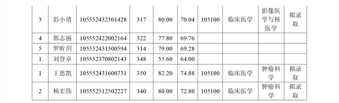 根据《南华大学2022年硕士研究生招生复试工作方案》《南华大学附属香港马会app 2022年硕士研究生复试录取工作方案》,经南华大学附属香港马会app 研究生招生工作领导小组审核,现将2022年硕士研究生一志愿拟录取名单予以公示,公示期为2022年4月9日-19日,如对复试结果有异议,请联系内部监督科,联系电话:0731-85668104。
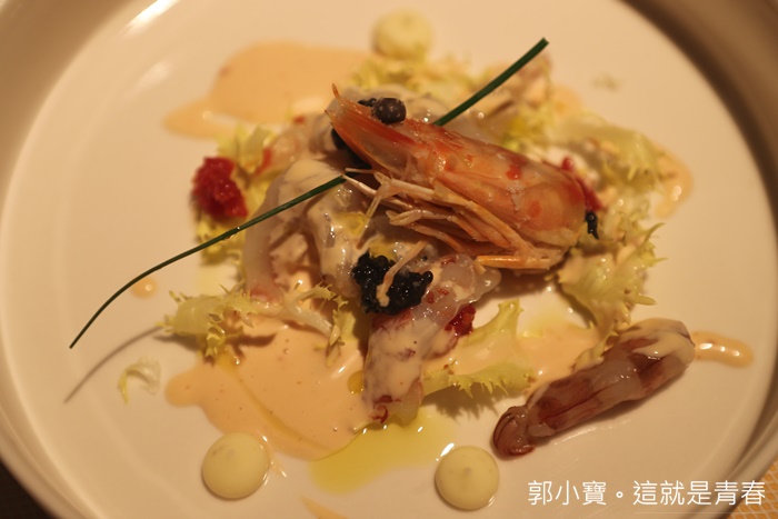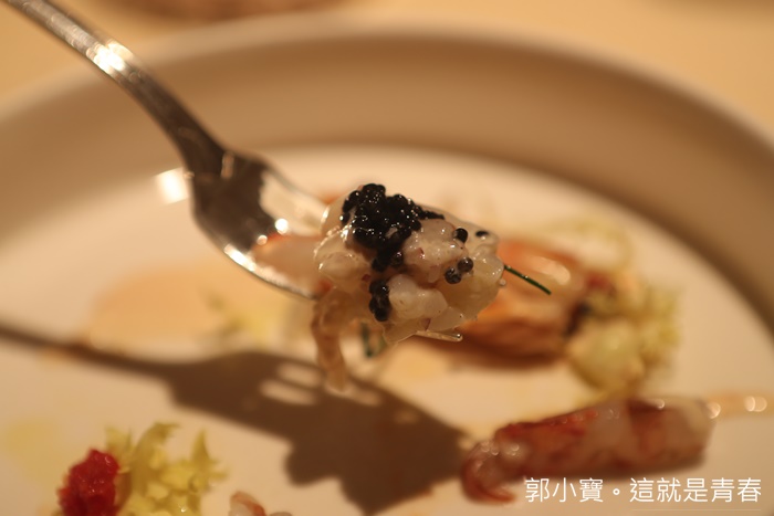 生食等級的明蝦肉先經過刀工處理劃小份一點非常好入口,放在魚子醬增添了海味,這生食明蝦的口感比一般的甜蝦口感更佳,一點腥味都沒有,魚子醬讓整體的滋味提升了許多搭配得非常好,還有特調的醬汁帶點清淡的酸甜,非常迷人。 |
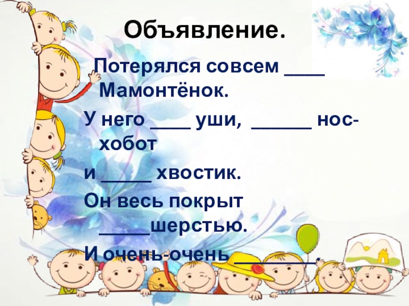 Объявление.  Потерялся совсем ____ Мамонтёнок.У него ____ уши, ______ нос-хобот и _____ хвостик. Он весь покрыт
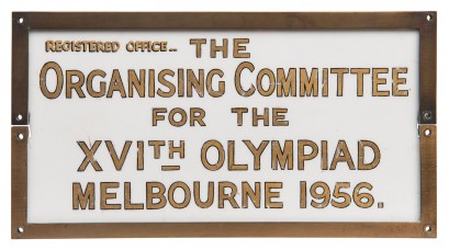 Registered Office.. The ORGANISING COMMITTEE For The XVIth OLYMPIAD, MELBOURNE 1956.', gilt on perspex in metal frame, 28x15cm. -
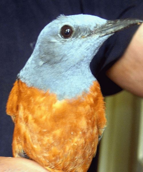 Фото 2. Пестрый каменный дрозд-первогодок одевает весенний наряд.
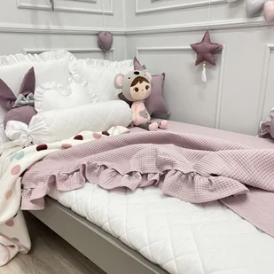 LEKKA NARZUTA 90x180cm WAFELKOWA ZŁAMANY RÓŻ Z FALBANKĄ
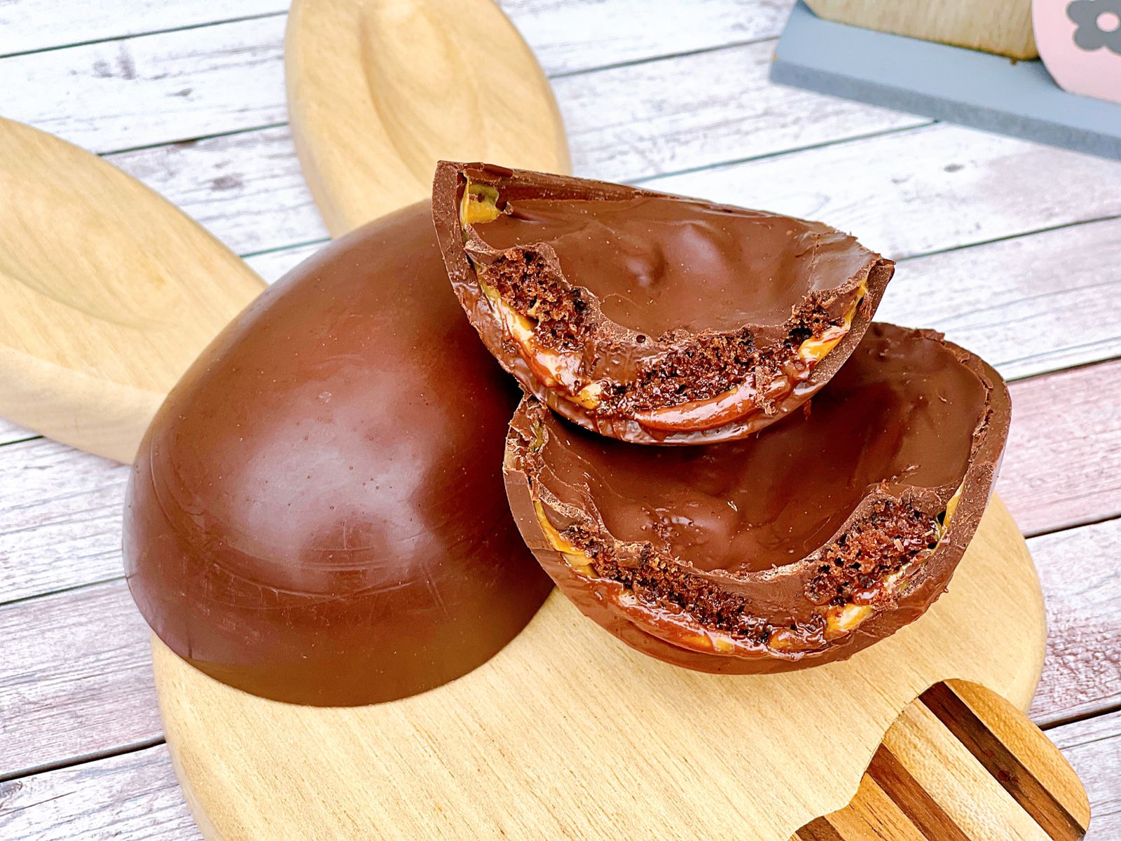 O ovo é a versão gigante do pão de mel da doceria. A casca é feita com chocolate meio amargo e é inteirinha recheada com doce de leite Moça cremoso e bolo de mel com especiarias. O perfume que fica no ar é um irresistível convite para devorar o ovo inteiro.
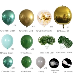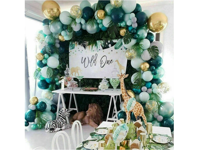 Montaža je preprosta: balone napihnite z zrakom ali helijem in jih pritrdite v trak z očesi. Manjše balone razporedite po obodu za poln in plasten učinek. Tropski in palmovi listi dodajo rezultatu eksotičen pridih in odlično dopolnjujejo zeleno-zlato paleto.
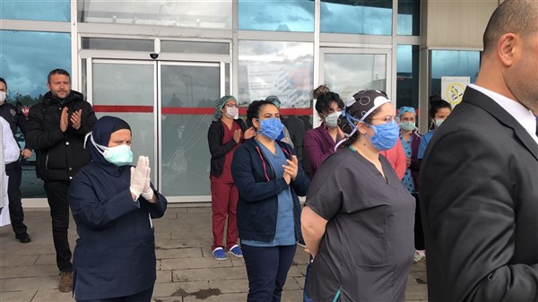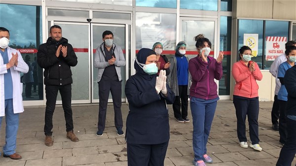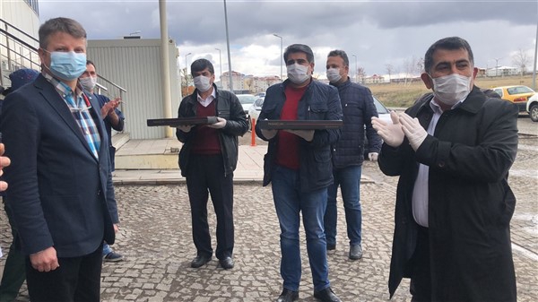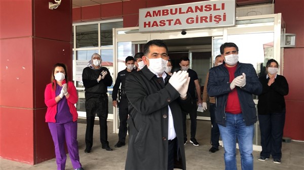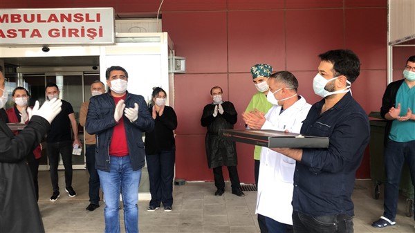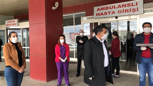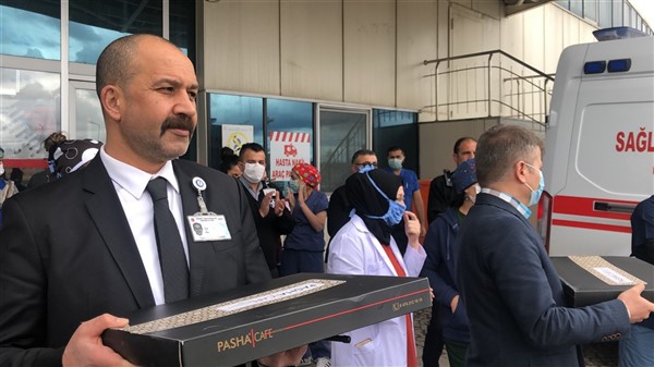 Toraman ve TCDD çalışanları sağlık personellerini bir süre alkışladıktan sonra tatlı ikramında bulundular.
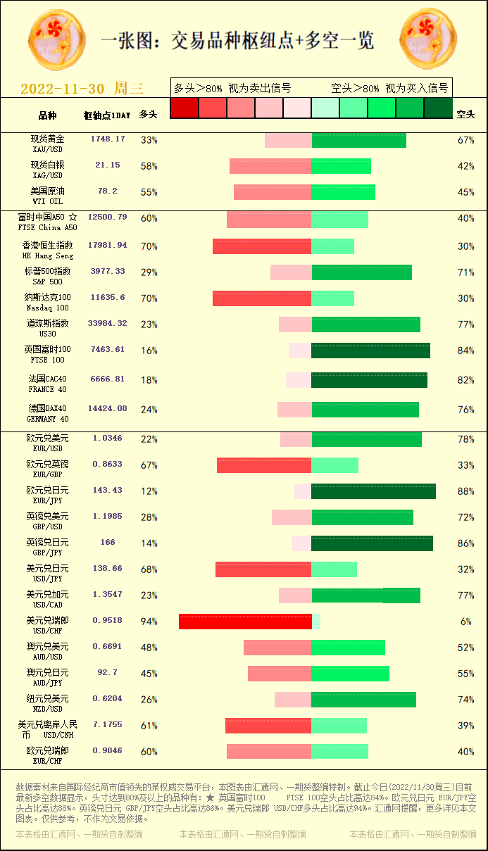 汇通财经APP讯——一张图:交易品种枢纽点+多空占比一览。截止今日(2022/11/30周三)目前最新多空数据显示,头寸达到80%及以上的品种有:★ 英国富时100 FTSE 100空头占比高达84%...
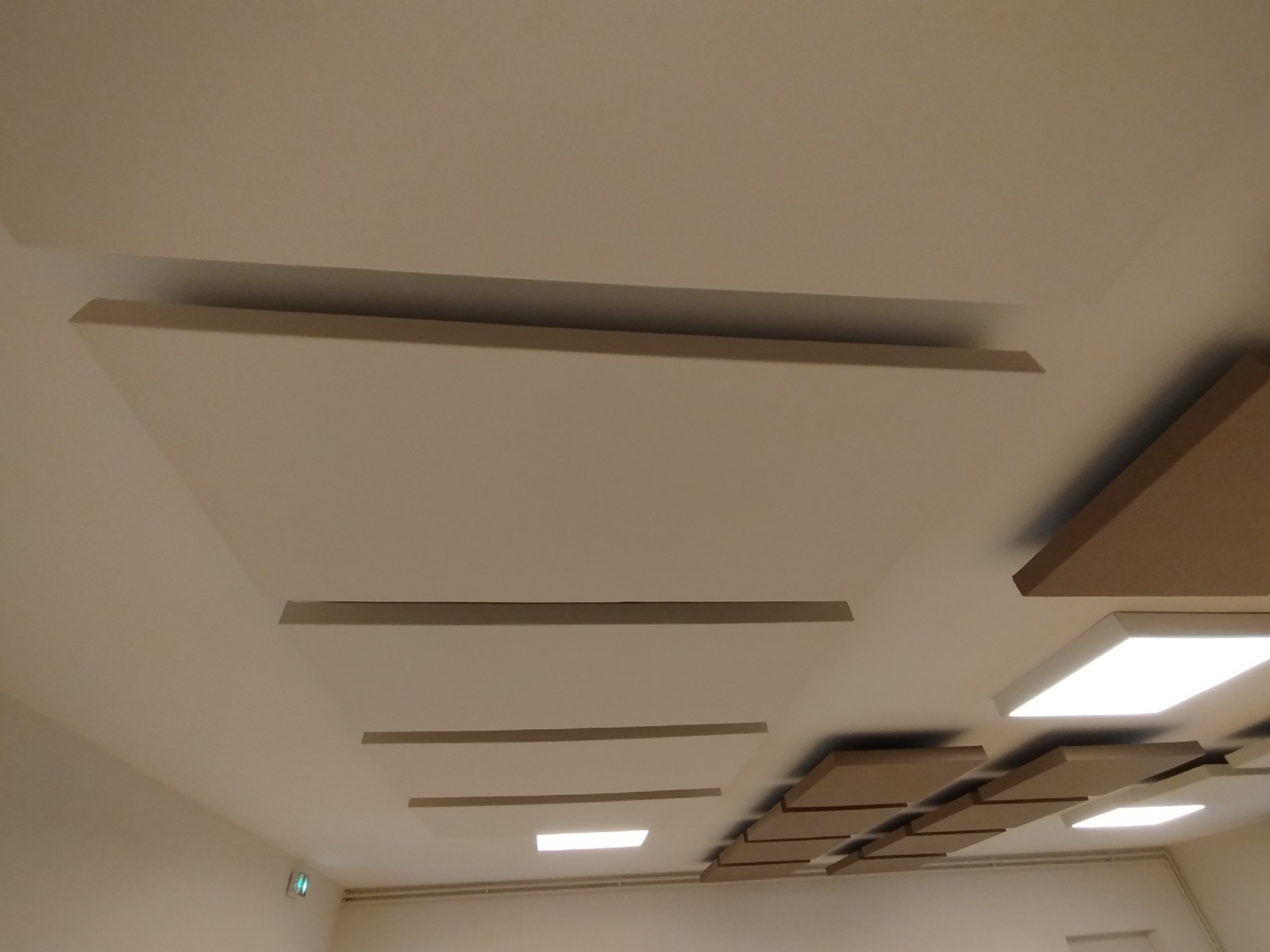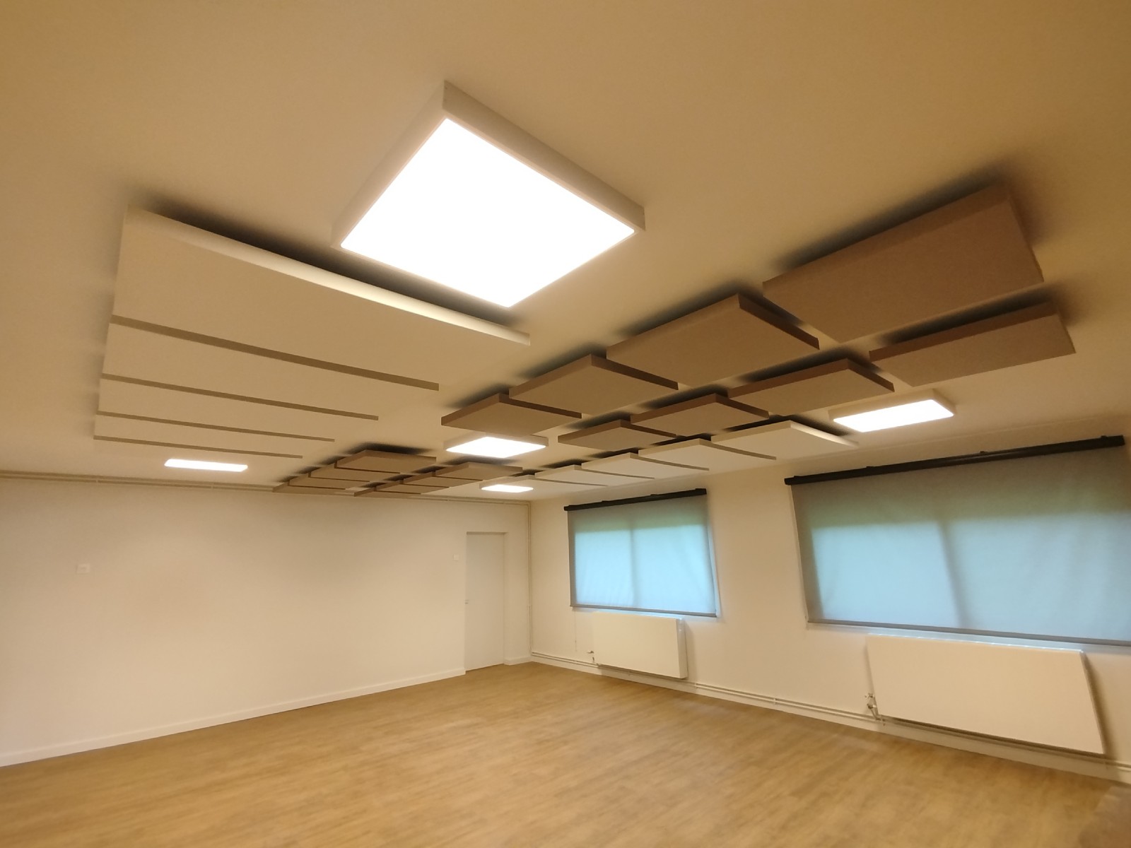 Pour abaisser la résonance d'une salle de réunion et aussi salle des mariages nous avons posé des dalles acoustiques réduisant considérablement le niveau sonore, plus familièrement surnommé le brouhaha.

# What is being asked:
The records above are to be transcribed word for word. Skip the images.

# Answer box:
 根据《南华大学2022年硕士研究生招生复试工作方案》《南华大学附属香港马会app 2022年硕士研究生复试录取工作方案》,经南华大学附属香港马会app 研究生招生工作领导小组审核,现将2022年硕士研究生一志愿拟录取名单予以公示,公示期为2022年4月9日-19日,如对复试结果有异议,请联系内部监督科,联系电话:0731-85668104。
 生食等級的明蝦肉先經過刀工處理劃小份一點非常好入口,放在魚子醬增添了海味,這生食明蝦的口感比一般的甜蝦口感更佳,一點腥味都沒有,魚子醬讓整體的滋味提升了許多搭配得非常好,還有特調的醬汁帶點清淡的酸甜,非常迷人。 |
 Объявление.  Потерялся совсем ____ Мамонтёнок.У него ____ уши, ______ нос-хобот и _____ хвостик. Он весь покрыт
 Registered Office.. The ORGANISING COMMITTEE For The XVIth OLYMPIAD, MELBOURNE 1956.', gilt on perspex in metal frame, 28x15cm. -
 Фото 2. Пестрый каменный дрозд-первогодок одевает весенний наряд.
 LEKKA NARZUTA 90x180cm WAFELKOWA ZŁAMANY RÓŻ Z FALBANKĄ
 O ovo é a versão gigante do pão de mel da doceria. A casca é feita com chocolate meio amargo e é inteirinha recheada com doce de leite Moça cremoso e bolo de mel com especiarias. O perfume que fica no ar é um irresistível convite para devorar o ovo inteiro.
 Montaža je preprosta: balone napihnite z zrakom ali helijem in jih pritrdite v trak z očesi. Manjše balone razporedite po obodu za poln in plasten učinek. Tropski in palmovi listi dodajo rezultatu eksotičen pridih in odlično dopolnjujejo zeleno-zlato paleto.
 Toraman ve TCDD çalışanları sağlık personellerini bir süre alkışladıktan sonra tatlı ikramında bulundular.
 汇通财经APP讯——一张图:交易品种枢纽点+多空占比一览。截止今日(2022/11/30周三)目前最新多空数据显示,头寸达到80%及以上的品种有:★ 英国富时100 FTSE 100空头占比高达84%...
 Pour abaisser la résonance d'une salle de réunion et aussi salle des mariages nous avons posé des dalles acoustiques réduisant considérablement le niveau sonore, plus familièrement surnommé le brouhaha.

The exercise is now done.